• _Prompt_: What is needed is a word-for-word copy of all the entries, minus the pictures.

• _Recorded information_:
Content starts

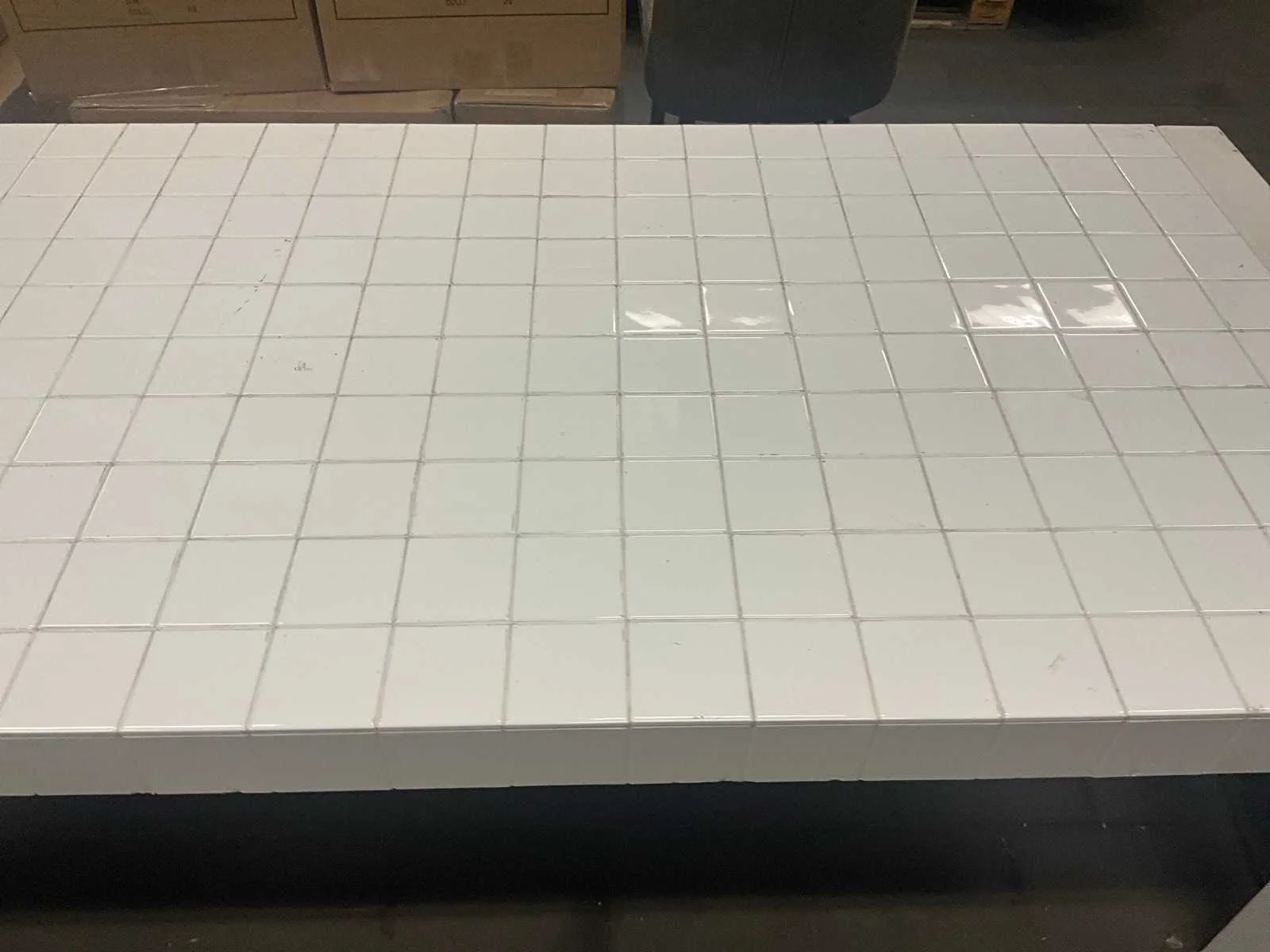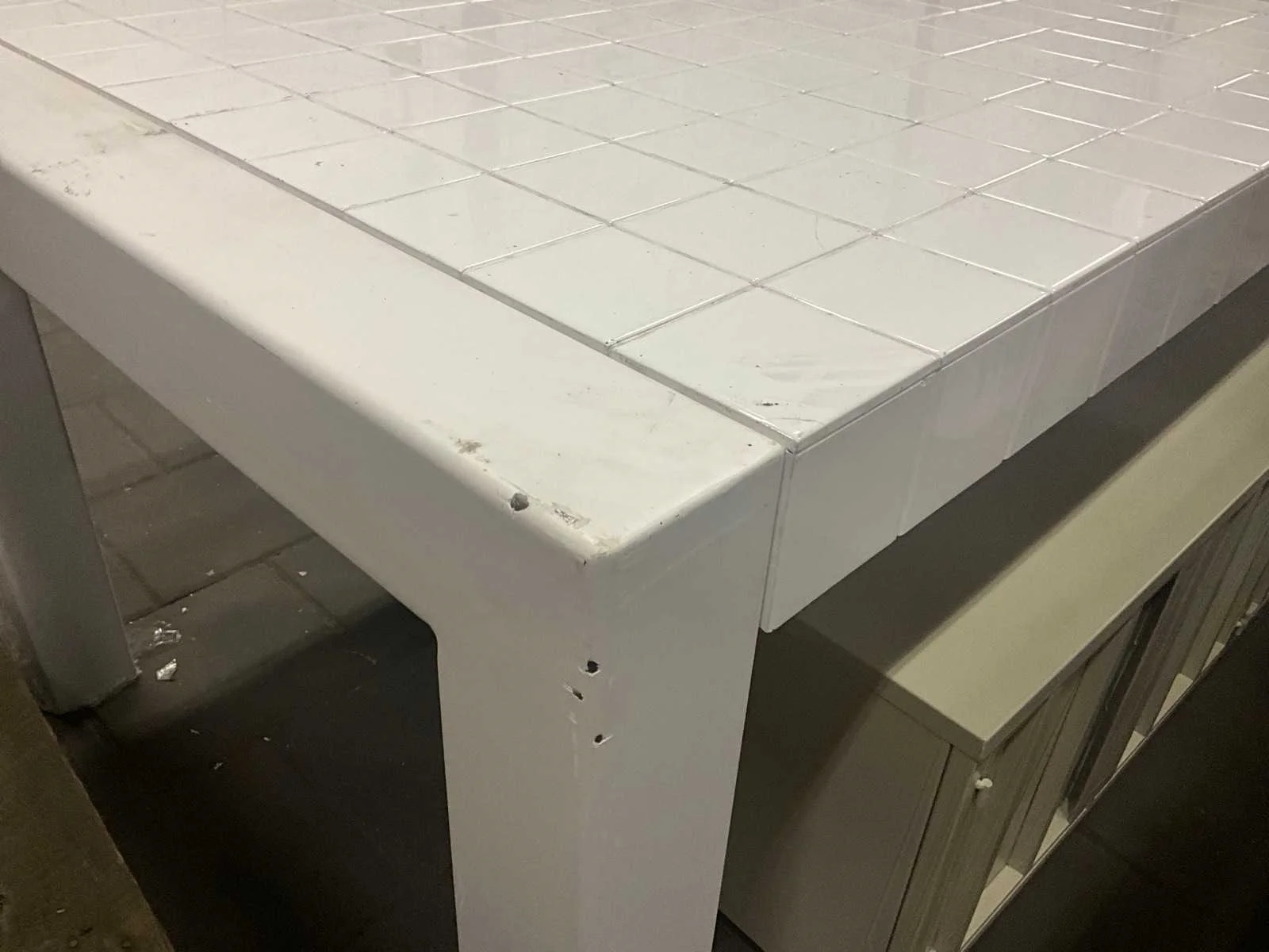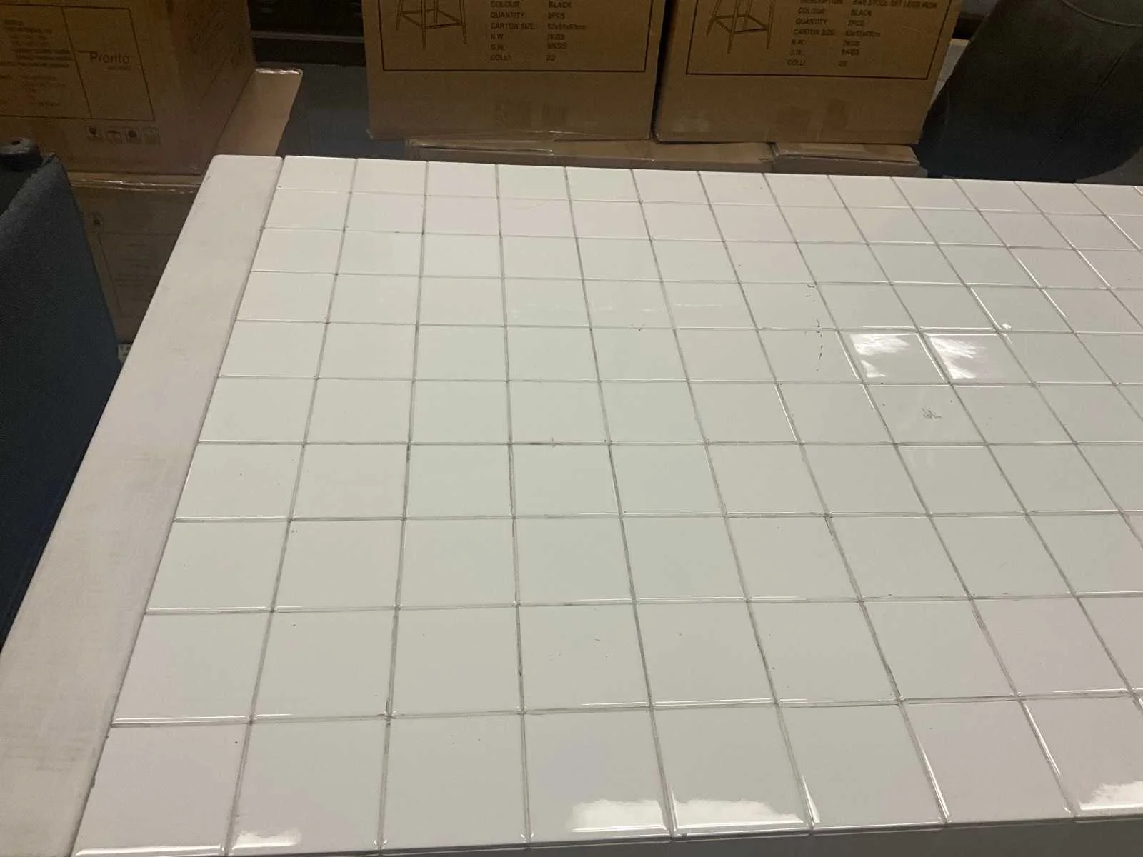 Gebruikt en beschadigd Tegelinleg Lengte: 212cm Breedte: 101cm
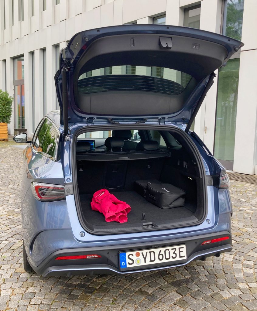 Apropos Platz: Auf allen fünf Sitzen geht’s geräumig zu. Ganz so lobenswert geht es allerdings nicht weiter. Denn die 500 Liter unter der Gepäckraumabdeckung sind für einen Kombi dieser Größe wahrlich nicht rekordverdächtig; maximal stehen dachhoch nicht mehr als rund 1,5 Kubikmeter zur Verfügung. Aber klar, der Batteriepack fordert Platz! Bei umgelegten hinteren Rücklehnen entsteht eine leicht ansteigende Ladefläche, wobei ein Meter zwischen den Radkästen die Breite fürs Verstauen des Transportguts definiert. Die Ladekante in 68 Zentimeter Höhe ist absolut rückenfreundlich.
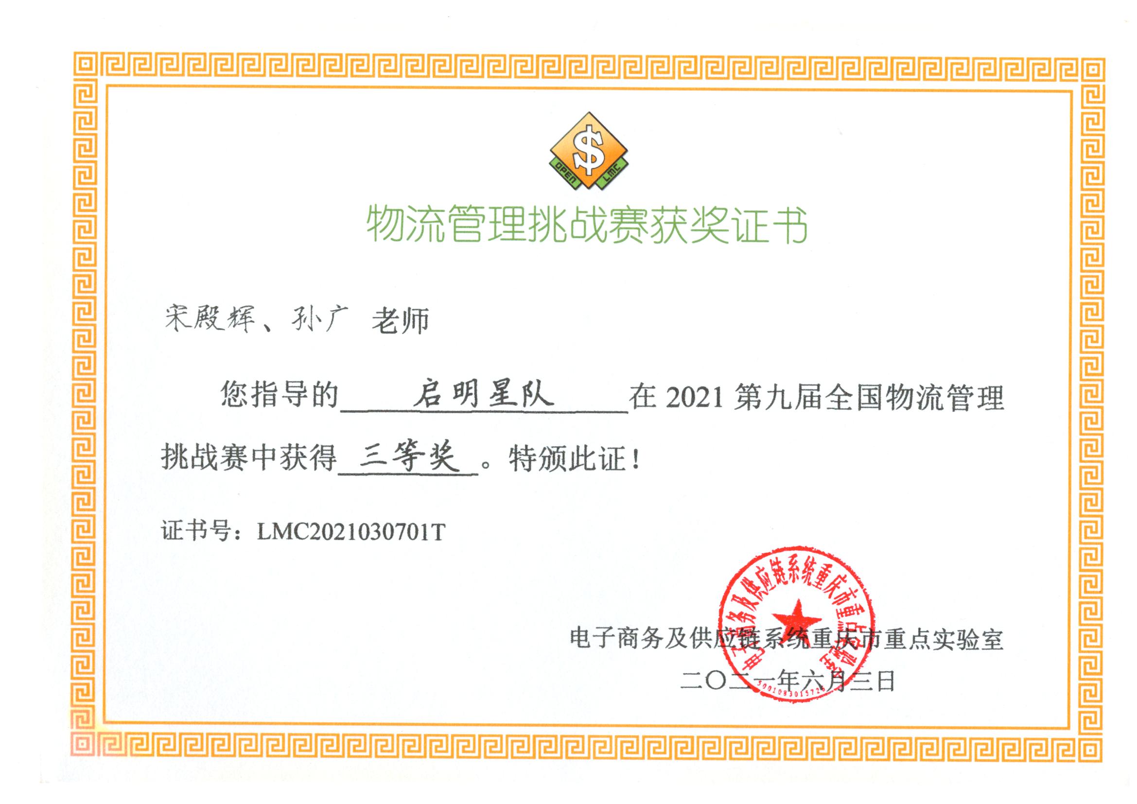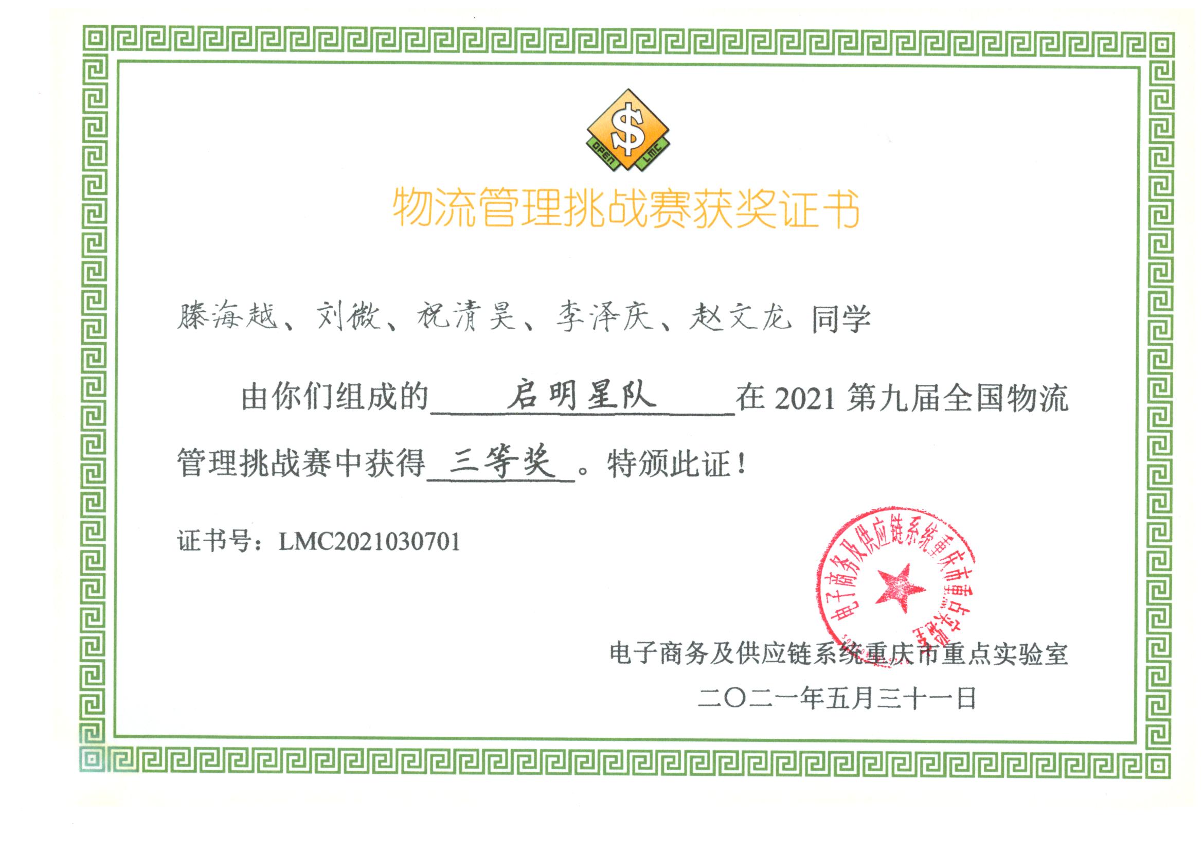 近日,由国家级实验教学示范中心建设单位—重庆工商大学承办的2021年第九届全国物流管理挑战赛落下帷幕,来自全国各高校共60支队伍参加了决赛。在我校管理学院孙广和宋殿辉老师的指导下,由物流管理专业学生腾海越、刘微、祝清昊、李泽庆、赵文龙五人组成的启明星队凭借默契的团队合作和熟练的技能操作,以出色的表现荣获三等奖的佳绩!
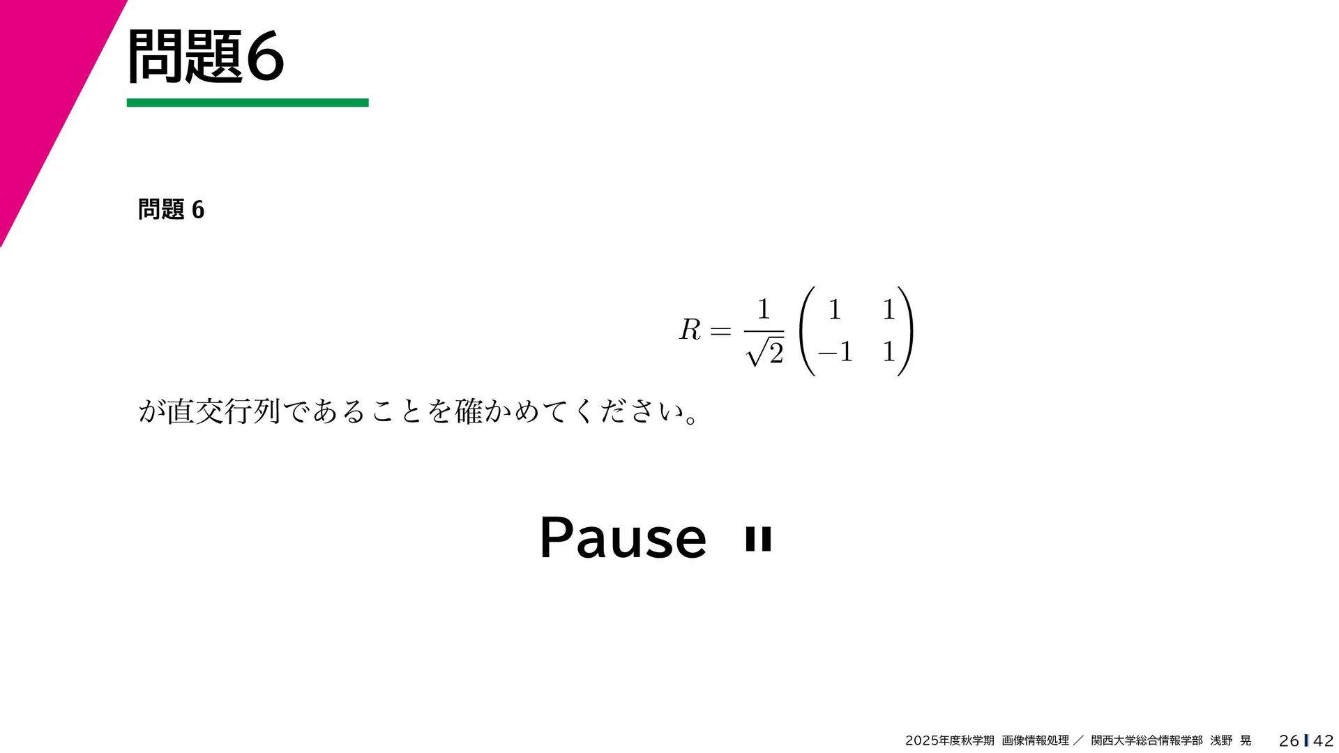 42 2025年度秋学期 画像情報処理 / 関西大学総合情報学部 浅野 晃 問題6 26 Pause ⏸ 問題 6 R =
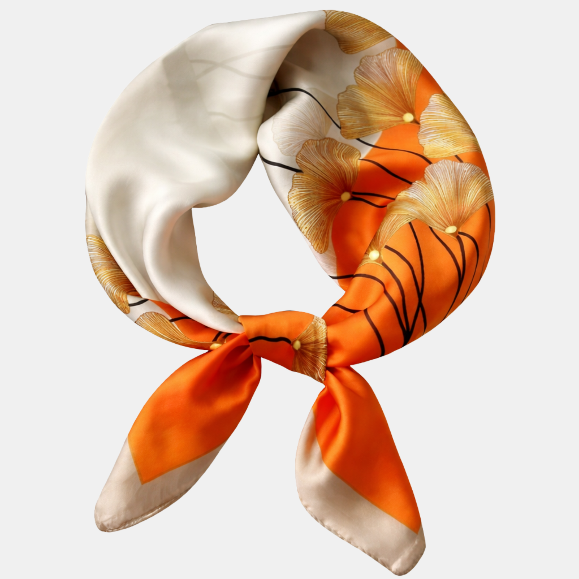 Pañuelo de seda de 66 x 66 cm, con diseño floreado y pasador metálico. Perfecto para llevar como bandana, anudado al cuello para darle un toque de color a un look básico o como detalle en el asa de tu cartera preferida.
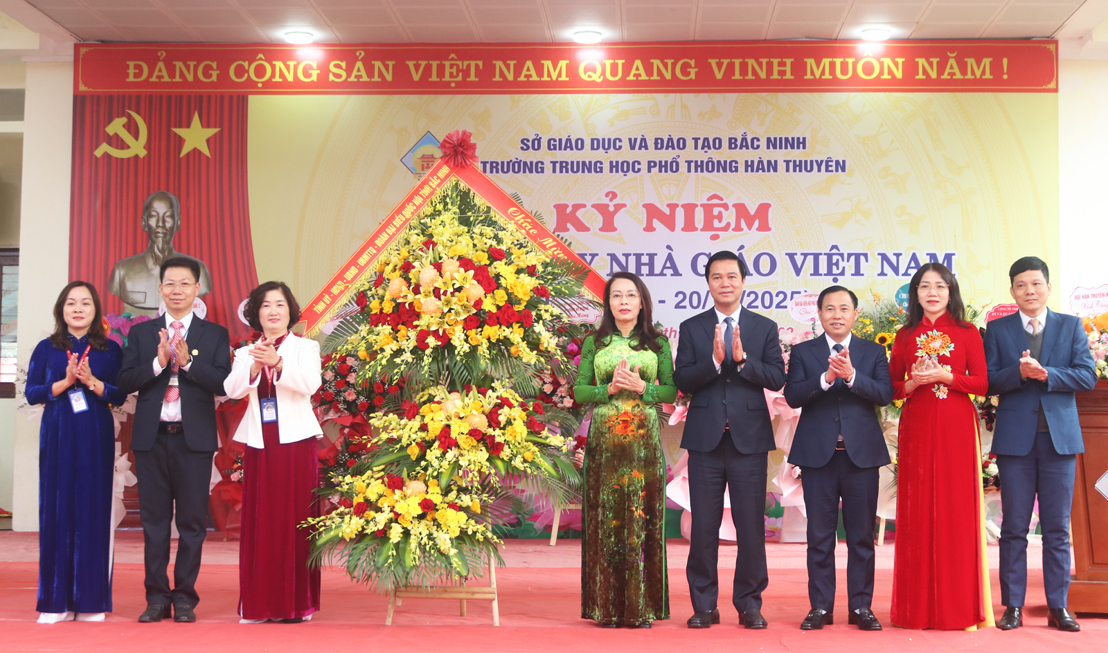 (BNP) - On the morning of November 20, Standing Deputy Secretary of the Provincial Party Committee Nguyen Thi Huong attended and congratulated Han Thuyen High School on the occasion of the 43rd anniversary of Vietnamese Teachers' Day, November 20 (1982 - 2025). Also attending the ceremony were Vice Chairman of the Provincial People's Committee Le Xuan Loi and leaders of a number of provincial departments and branches.

Content ends

• _Exercise response_:
 Gebruikt en beschadigd Tegelinleg Lengte: 212cm Breedte: 101cm
 Apropos Platz: Auf allen fünf Sitzen geht’s geräumig zu. Ganz so lobenswert geht es allerdings nicht weiter. Denn die 500 Liter unter der Gepäckraumabdeckung sind für einen Kombi dieser Größe wahrlich nicht rekordverdächtig; maximal stehen dachhoch nicht mehr als rund 1,5 Kubikmeter zur Verfügung. Aber klar, der Batteriepack fordert Platz! Bei umgelegten hinteren Rücklehnen entsteht eine leicht ansteigende Ladefläche, wobei ein Meter zwischen den Radkästen die Breite fürs Verstauen des Transportguts definiert. Die Ladekante in 68 Zentimeter Höhe ist absolut rückenfreundlich.
 近日,由国家级实验教学示范中心建设单位—重庆工商大学承办的2021年第九届全国物流管理挑战赛落下帷幕,来自全国各高校共60支队伍参加了决赛。在我校管理学院孙广和宋殿辉老师的指导下,由物流管理专业学生腾海越、刘微、祝清昊、李泽庆、赵文龙五人组成的启明星队凭借默契的团队合作和熟练的技能操作,以出色的表现荣获三等奖的佳绩!
 42 2025年度秋学期 画像情報処理 / 関西大学総合情報学部 浅野 晃 問題6 26 Pause ⏸ 問題 6 R =
 Pañuelo de seda de 66 x 66 cm, con diseño floreado y pasador metálico. Perfecto para llevar como bandana, anudado al cuello para darle un toque de color a un look básico o como detalle en el asa de tu cartera preferida.
 (BNP) - On the morning of November 20, Standing Deputy Secretary of the Provincial Party Committee Nguyen Thi Huong attended and congratulated Han Thuyen High School on the occasion of the 43rd anniversary of Vietnamese Teachers' Day, November 20 (1982 - 2025). Also attending the ceremony were Vice Chairman of the Provincial People's Committee Le Xuan Loi and leaders of a number of provincial departments and branches.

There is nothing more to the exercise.